Federal student loan servicing has been a major concern of borrowers for years.
Borrowers often complain that they are given incomplete, or even worse, wrong information from the company responsible for answering all of their student loan questions. Many attribute the high default rate on federal student loans to the servicers’ inability to explain the many options available to borrowers.
One of the big downsides to federal loans is dealing with these servicers. Unfortunately, the Department of Education makes it very clear that borrowers do not get to select their loan servicer.
The good news is that there are few tricks that are available to get loans transferred from one servicer to another.

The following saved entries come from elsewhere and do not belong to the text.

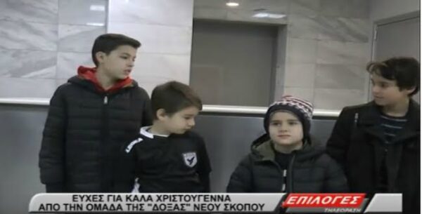 Συγκεκριμένα αντιπροσωπεία των μικρών ποδοσφαιριστών της ακαδημίας Δόξα Νέου Σκοπού, επισκέφτηκε το νοσηλευτικό ίδρυμα και τραγούδησε τα χριστουγεννιάτικα κάλαντα στη διοίκηση του νοσοκομείου στο νοσηλευτικό προσωπικό και τους ασθενείς
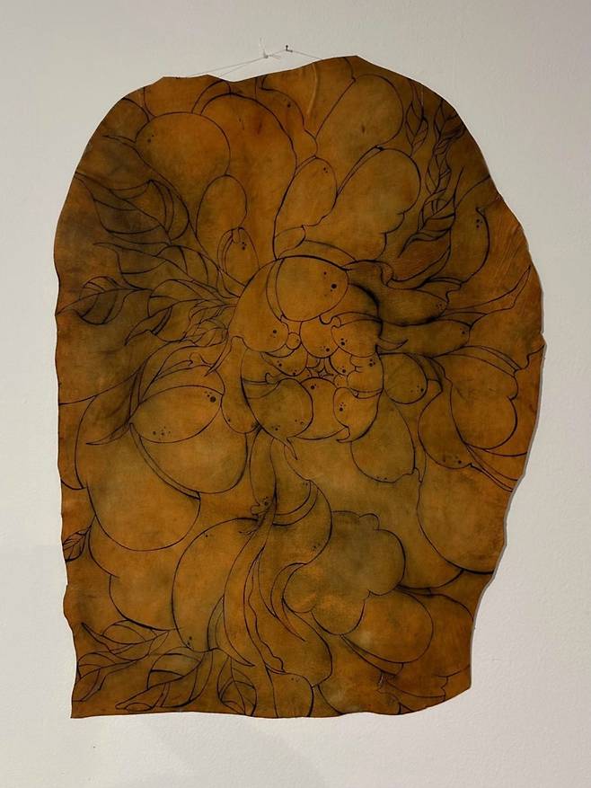 작가는 이미 생명을 다한 가죽 위에 바늘로 잉크를 새겨 넣는 '타투'를 통해, 죽은 물질에 새로운 서사를 부여한다. 이는 외부 자극에 쉽게 상처 입는 피부의 연약함과 한 번 새기면 지워지지 않는 영속성을 동시에 상징한다.
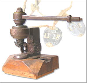 Didascalia dell'immagine: Real Casa Santa dell'Annunziata, fondo degli esposti - Torchio per l'impressione del numero di matricola sulle medagliette assegnate ai bambini ospiti del brefotrofio
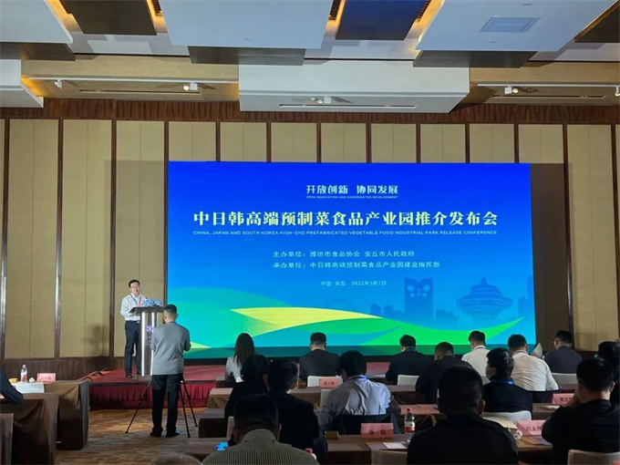 美好五月,繁花似锦。为切实做好预制菜品牌建设,全力推动中日韩高端预制菜食品产业园建设步伐。5月7日,由潍坊市食品协会、安丘市人民政府主办,中日韩高端预制菜食品产业园建设指挥部承办,以“开放创新,协同发展”为主旨的中日韩高端预制菜食品产业园推介发布会在青岛隆重举办。
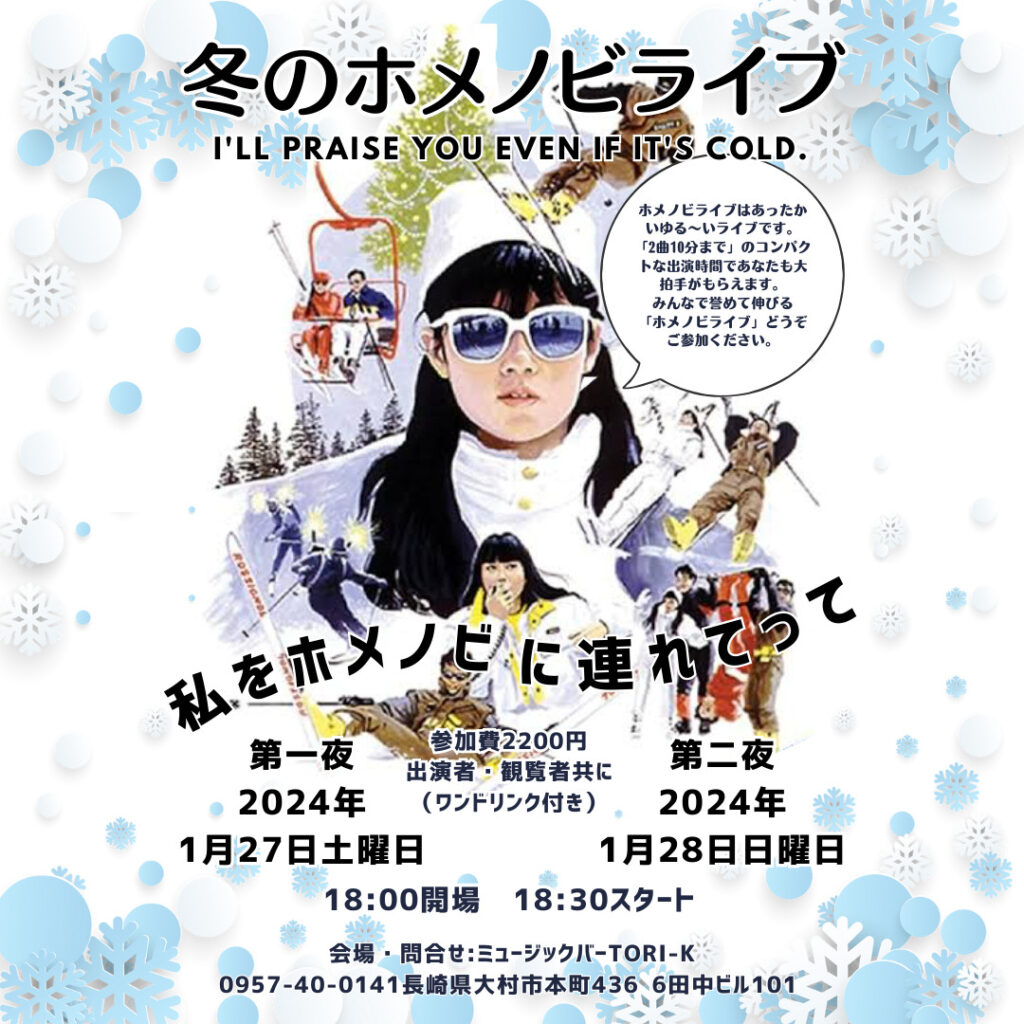 冬のホメノビライブ出演順決定しました!1月27日(第一夜)1月28日(第二夜)開催 冬のホメノビライブ~私をホメノビに連れてって~ の出演順が決まりました! お目当ての出演者の出番を狙って、おおほめまくりにご来場ください!
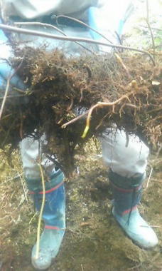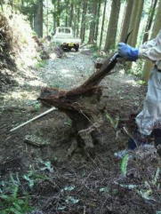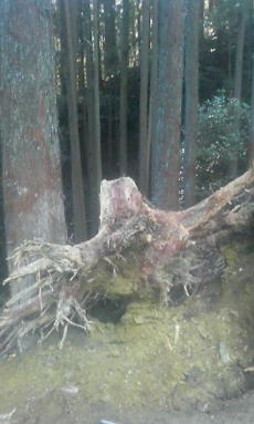 9月の台風がもたらした大崩落以来 まるで大きなタコのような根っ子に 張り付かれて苦労していた杉の木を 毎日々少しづつ掘り進んで やっと救出 |
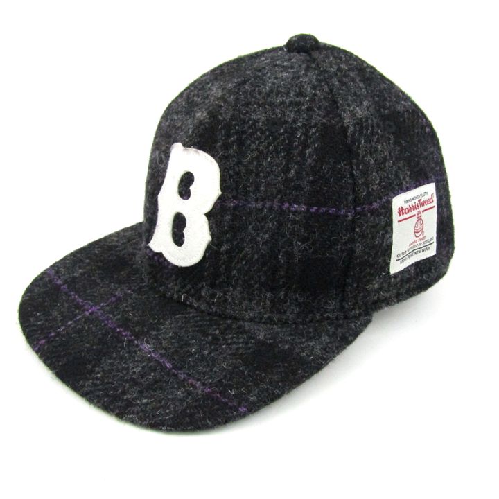 ハリスツイード BASE CONTROL キャップ ウール 帽子 ブランド メンズ Fサイズ ブラック HARRIS TWEED 【中古】
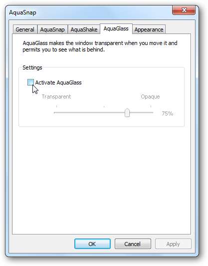 Neljännen välilehden avulla voit aktivoida valinnaisen ominaisuuden, AquaGlassin. Jos aktivoit tämän, ikkunat muuttuvat läpinäkyviksi, kun vedät niitä ruudun yli.
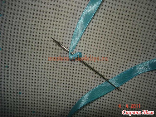 Протыкаем ленту иглой в том районе, где у вас будет верхушка бутона и выводим иглу с лентой на изнанку
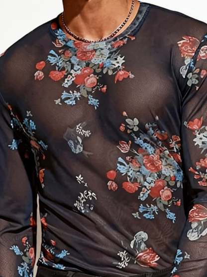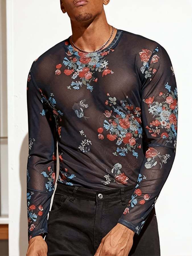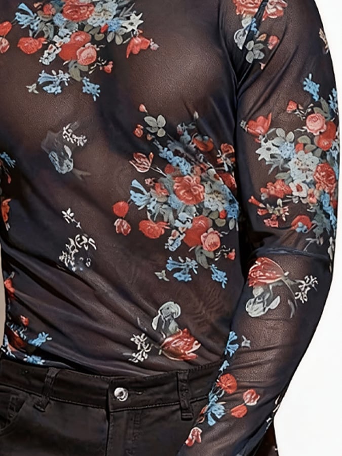 Men's Black Mesh Breathable Floral Print Stretch T-Shirt
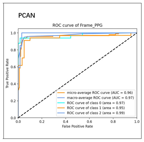 The ROC curve in Figure 13 reveals that the average AUC area of the PCAN (Add) method reached 0.97, indicating that the model exhibits excellent performance in recognizing learner learning emotions on the self-collected dataset. The experimental outcomes indicate that PCAN networks are more compatible with feature stacking and integration techniques and they can mutually reinforce the benefits of dual-modal data, leading to higher recognition accuracy.

Trick #1: Federal Loan Consolidation
Consolidating federal loans is a very important decision. Federal Direct Consolidation is not to be taken lightly. For some borrowers, the consolidation process for federal loans is essential. (One example: federal consolidation can actually help some federal loans become eligible for Public Service Student Loan Forgiveness). For others, federal consolidation would be a huge mistake.
Due to the many consequences of federal consolidation, borrowers should carefully investigate the process before using it as a tool to change servicers.
Setting aside the many issues that go with federal student loan consolidation, one of the perks of going through the process is that borrowers get their choice of new servicers. The downside is that they only have four options: Navient, MyFedLoan, Great Lakes, and Nelnet. As borrowers of federal loans, this is the most input we get on who services our loans.
For borrowers considering federal student loan consolidation, Student Loan Consolidation Guide explanation of the process, the pros and cons, and the various options.
Trick #2: Sign up for Public Service Loan Forgiveness
This option will only apply in a few circumstances, but it could potentially help many borrowers escape their current loan servicer. However, it only works for people who are currently working for the government or a not-for-profit charity.
The way it works is pretty simple: borrowers who certify public service employment authorize the government to transfer loan servicing to MyFedLoan. This is because MyFedLoan services the loans for all people who are working towards Public Service Student Loan Forgiveness.
Even if a borrower doesn’t plan on staying in public service for the required 10 years, there is nothing wrong with certifying past payments. Borrowers who fill out the form and start the review process get their loans transferred.
The only downside: PSLF borrowers must work with MyFedLoan, and MyFedLoan could be a downgrade for many borrowers.
Trick #3: Moving on to the private sector
A final desperate act to get away from federal loan servicing would be to consolidate or refinance with a private company.
Going this route has major consequences far beyond changing servicers. By refinancing in the private sector, borrowers lose all the perks of federal student loans. These perks include income-based repayment, loan deferments, and forgiveness programs.
Most people who go this option do so because they want lower interest rates and are certain that they will not need or qualify for any of the benefits that go with federal loans.
For borrowers thinking about going this route, there are a number of lenders offering refinancing services. It is critical to shop around and talk with the different companies to find the best rate and ensure better customer service.
Making a Change
Uncle Sam does not give any choice in the company that services federal student loans.
The good news is that a few tricks can be employed to give borrowers some say about who they deal with. The options are limited, but for a desperate borrower, it is possible to get away from their current servicer.